DATA PROVIDED:
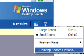 - Выберите Desktop Search Options из меню параметров, как показано на иллюстрации.
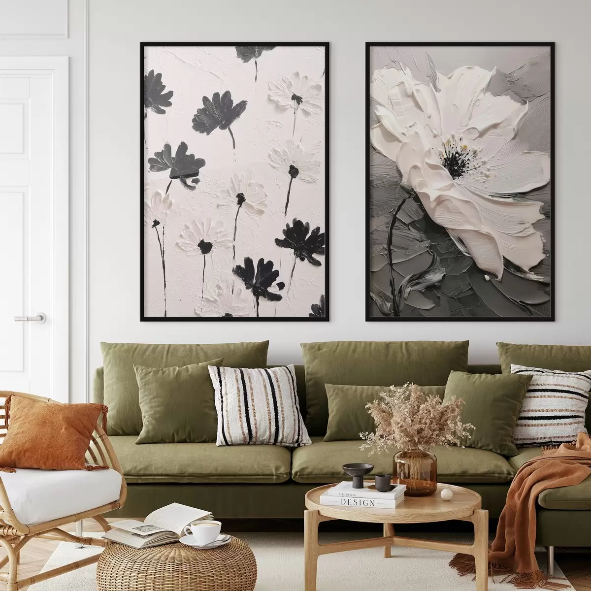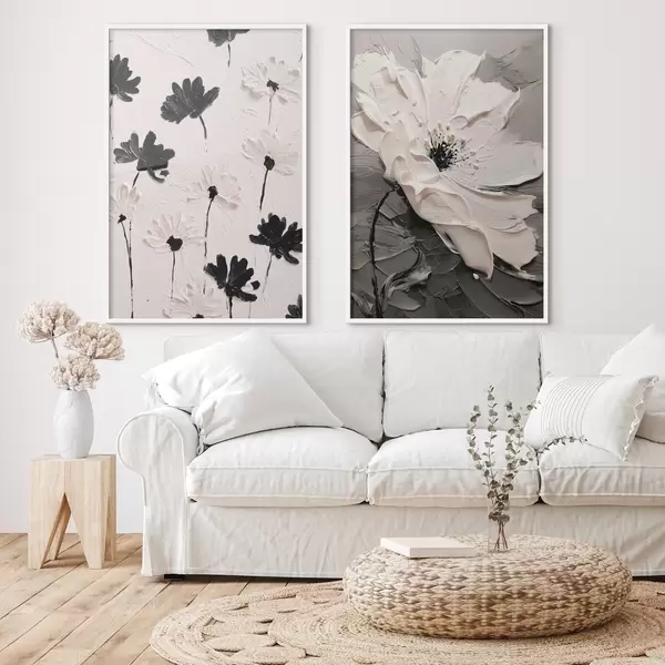 Poster Díptico de flores blancas y negras de estilo moderno Nr d00571
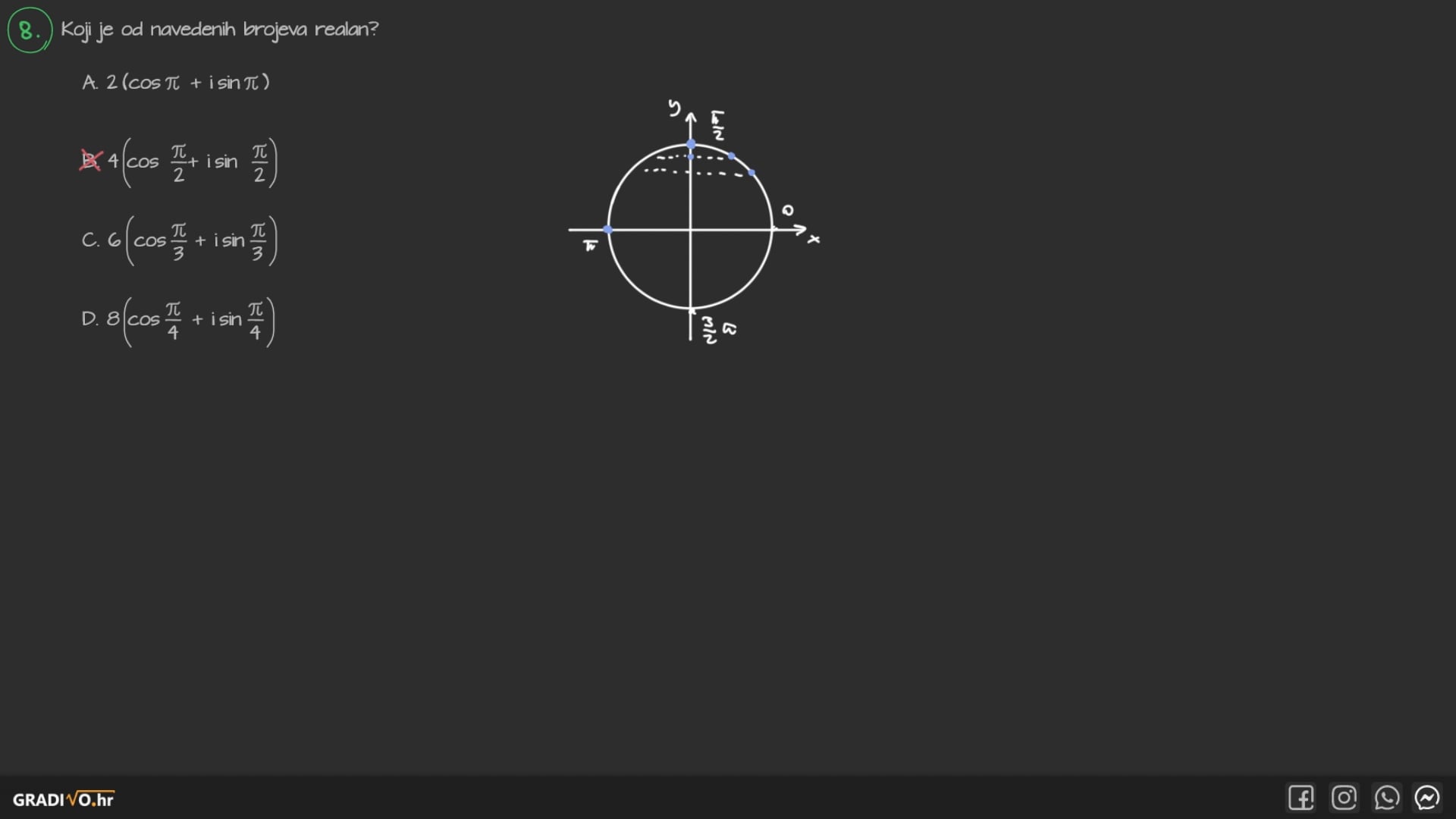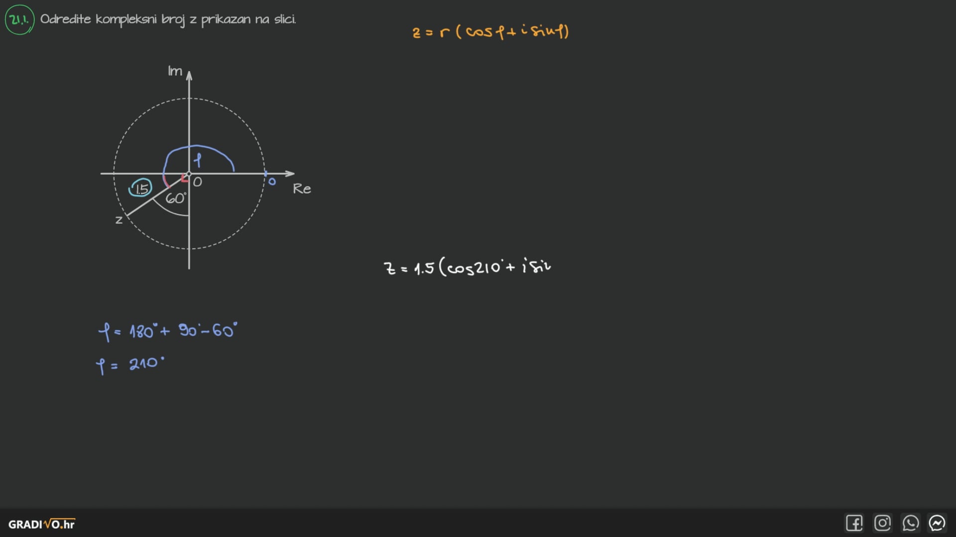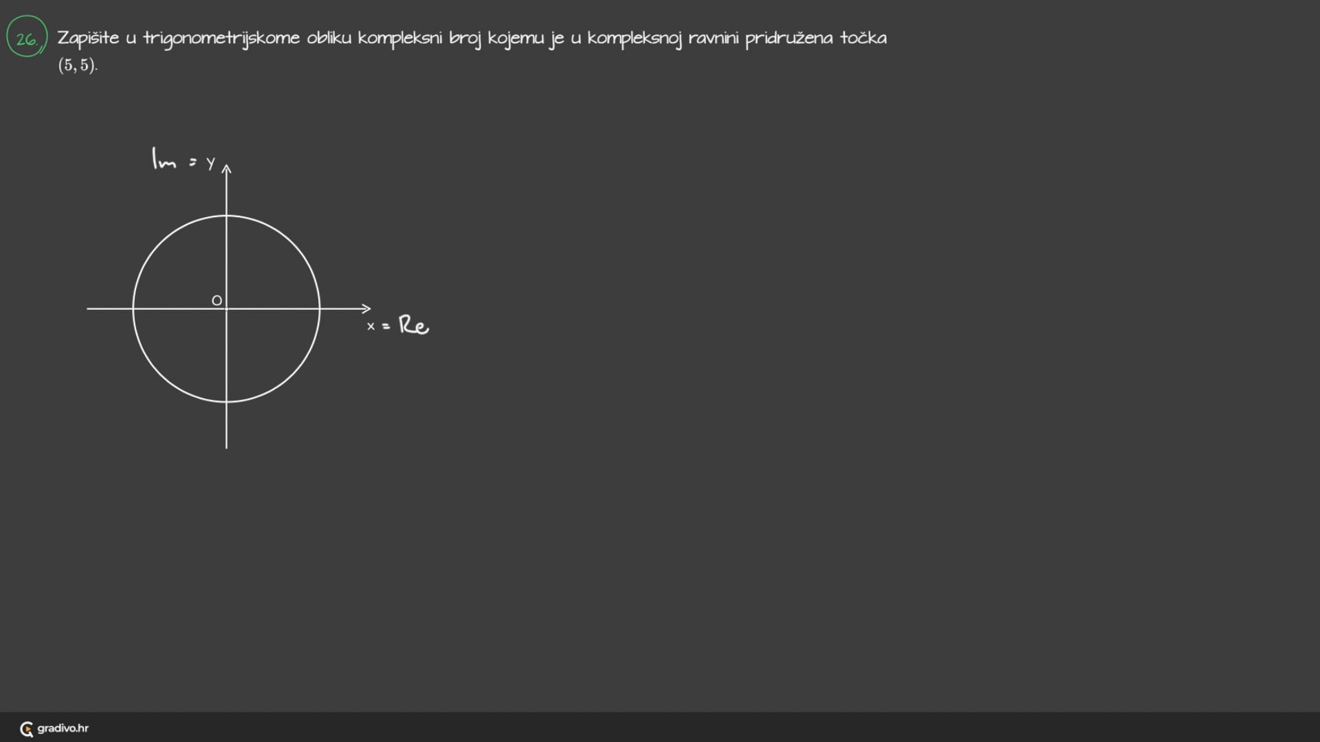 $\varphi$ ćemo dobiti tako što ćemo u kalkulator unijeti $arctg(\frac{y}{x})$. Međutim, iako će nam kalulator izbaciti vrijednost za $\varphi$, nekada će biti potrebno taj kut prilagoditi kvadrantu u kojem se nalazi naš kompleksan broj. Taj kompleksan broj je potrebno prikazati u kompleksnoj ravnini tj. dovoljno je označiti u kojem kvadrantu se on nalazi. Također, sjetimo se da kada rješavamo trigonometrijsku jednadžbu s funkcijom tangensa, da na rješenje koje izbaci kalkulator dodajemo "$+2k\pi, k \in \mathbb{Z}$". Kada znamo te dvije stvari, lako ćemo odrediti koji kut odgovara našem kompleksnom broju. Pogledajmo na primjeru određivanje $\varphi$ kao i samo određivanje trigonometrijskog prikaza kompleksnog broja.

EXERCISE AIM:
Before you finish, make sure every line above has been repeated exactly and no picture remains in the copy.

WORKED SOLUTION:
 - Выберите Desktop Search Options из меню параметров, как показано на иллюстрации.
 Poster Díptico de flores blancas y negras de estilo moderno Nr d00571
 $\varphi$ ćemo dobiti tako što ćemo u kalkulator unijeti $arctg(\frac{y}{x})$. Međutim, iako će nam kalulator izbaciti vrijednost za $\varphi$, nekada će biti potrebno taj kut prilagoditi kvadrantu u kojem se nalazi naš kompleksan broj. Taj kompleksan broj je potrebno prikazati u kompleksnoj ravnini tj. dovoljno je označiti u kojem kvadrantu se on nalazi. Također, sjetimo se da kada rješavamo trigonometrijsku jednadžbu s funkcijom tangensa, da na rješenje koje izbaci kalkulator dodajemo "$+2k\pi, k \in \mathbb{Z}$". Kada znamo te dvije stvari, lako ćemo odrediti koji kut odgovara našem kompleksnom broju. Pogledajmo na primjeru određivanje $\varphi$ kao i samo određivanje trigonometrijskog prikaza kompleksnog broja.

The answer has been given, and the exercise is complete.